Quais as maiores dificuldades e obstáculos em ser cuidador de um ente querido? – Em algum momento você sentiu culpa ou sentiu que poderia ter feito diferente?
As dificuldades e obstáculos em ser um cuidador de uma pessoa da família são os fortes laços amorosos, o sentimento de vê-los minguando, a responsabilidade de uma vida em nossas mãos, a rotina incessante, o afastamento de pessoas que anteriormente eram seus amigos, a solidão, o isolamento de quem cuida sem ajuda nenhuma, as cobranças descabíveis dirigidas ao Cuidador, falta de lazer, os gastos(são altos), acusações sem fundamento.
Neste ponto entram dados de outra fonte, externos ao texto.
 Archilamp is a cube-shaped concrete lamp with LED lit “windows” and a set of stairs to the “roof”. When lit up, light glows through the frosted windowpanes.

Chega um momento em que você se pergunta: -QUEM SOU EU?  Diria que a maior dificuldade é retomar a nossa vida depois da partida deles. Algumas vezes senti culpa(na segunda fase). Quando ela gritava ou me batia por conta do Alzheimer eu tinha vontade de sumir do mapa. Depois fui aprendendo a lidar aos poucos. 
 
Muitos cuidadores criam páginas e grupos para homenagear seus entes queridos, Foi por isso que você fez a Vida de Cuidador Familiar? 
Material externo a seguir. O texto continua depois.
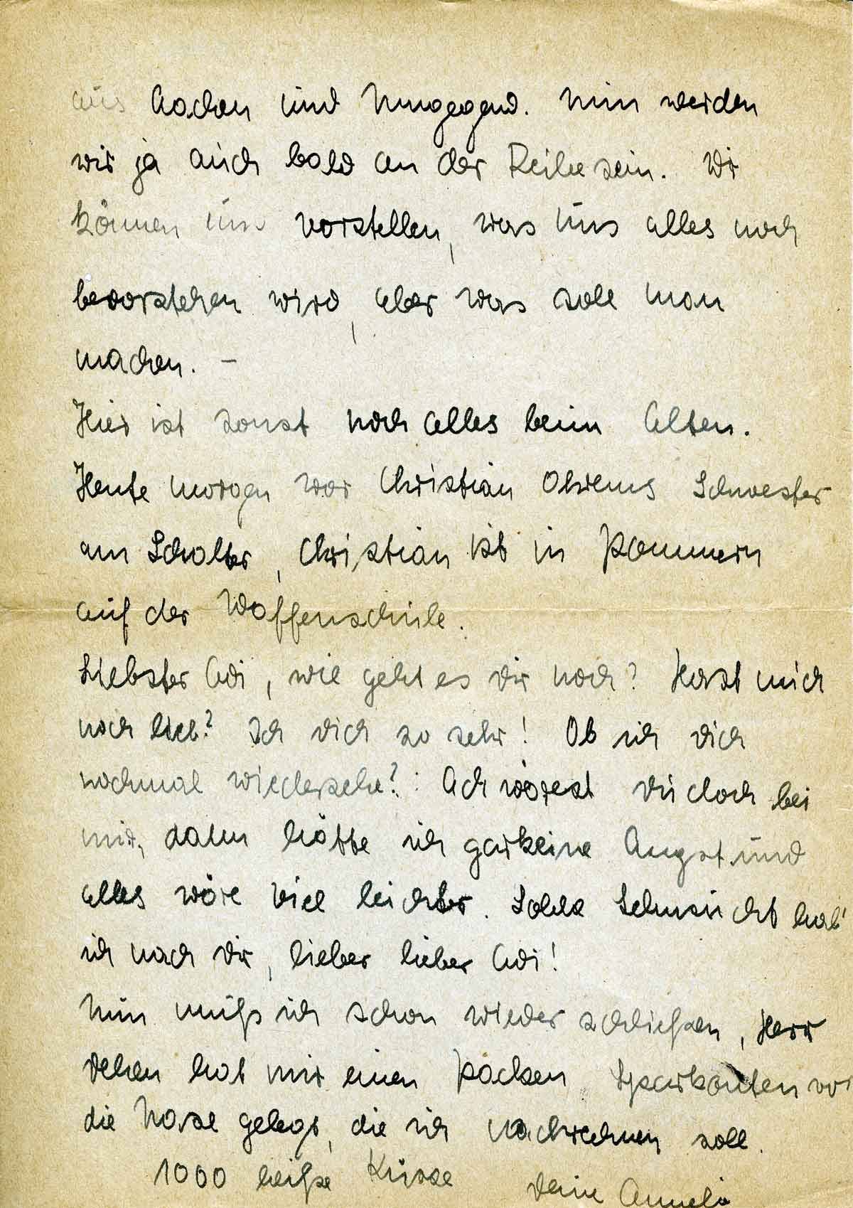 Liebster Adi, wie geht es Dir noch? Hast mich noch lieb? Ich Dich so sehr! Ob ich Dich nochmal wiedersehe? Ach wärest Du doch bei mir, dann hätte ich garkeine Angst und alles wäre viel leichter. Solche Sehnsucht hab’ ich nach Dir, lieber lieber Adi!

O objetivo é relatar, dicas, novidades,homenagear minha mãe com fotos e servir a alguém. As experiências são muitas.
 
Pode deixar alguma mensagem de apoio para os cuidadores que estão passando pela mesma situação que você passou? 
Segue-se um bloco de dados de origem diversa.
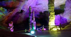波月洞的“鵝管”長短不一,參差錯(cuò)落,密密匝匝,直掛天穹,在逆光燈照下,如萬千瑪瑙翡翠垂吊空間,晶瑩剔透,閃閃發(fā)光;觀之,不能不驚吧大自然神奇的創(chuàng)造力。

Pobres espiritualmente os que esquecem seus idosos. Tirei do Blog: É …estava eu com pensares. Total impotência diante do tempo no convívio com familiar acometido por Alzheimer. A chamada doença do esquecimento para muitos (aqueles que não acompanham o segmento da enfermidade). Certa vez alguém me disse: beba muita água. Atualmente sei o motivo. De sua cama minha mãe amada olha para um mesmo canto da parede da casa (todos os dias e nos mesmos horários). A Alma encontra outras (tenho certeza). As realidades chocam os menos avisados, capacitados. A hora mais longa é a madrugada onde tudo é barulho. A luz do dia traz um certo conforto. A luta agora é dela com meu amparo. Nenhuma outra experiência de vida ensinou-me tanto. Sem mais perguntas, nem respostas. Agradeço ao meu marido, filhos, nora, genro, amigos de verdade, parentes de verdade que neste caminho "ardido” ao coração me fazem sorrir. Ou…meu próprio exílio das imaginações férteis. Então…sorrio para a bebê crescida e alterno mundos apreciando simples atos de respiros. "Conformismo" é palavrra-sentimento que atrai a calma quando as energias encontradas somam-se e dividem-se involuntariamente. Vejo outros que passaram, passam por linhas parecidas. Em todos uma força imensa e compaixão. Ficam as lembranças e o tom mais lindo de uma voz: Voz de Mãe! Boas energias a todos!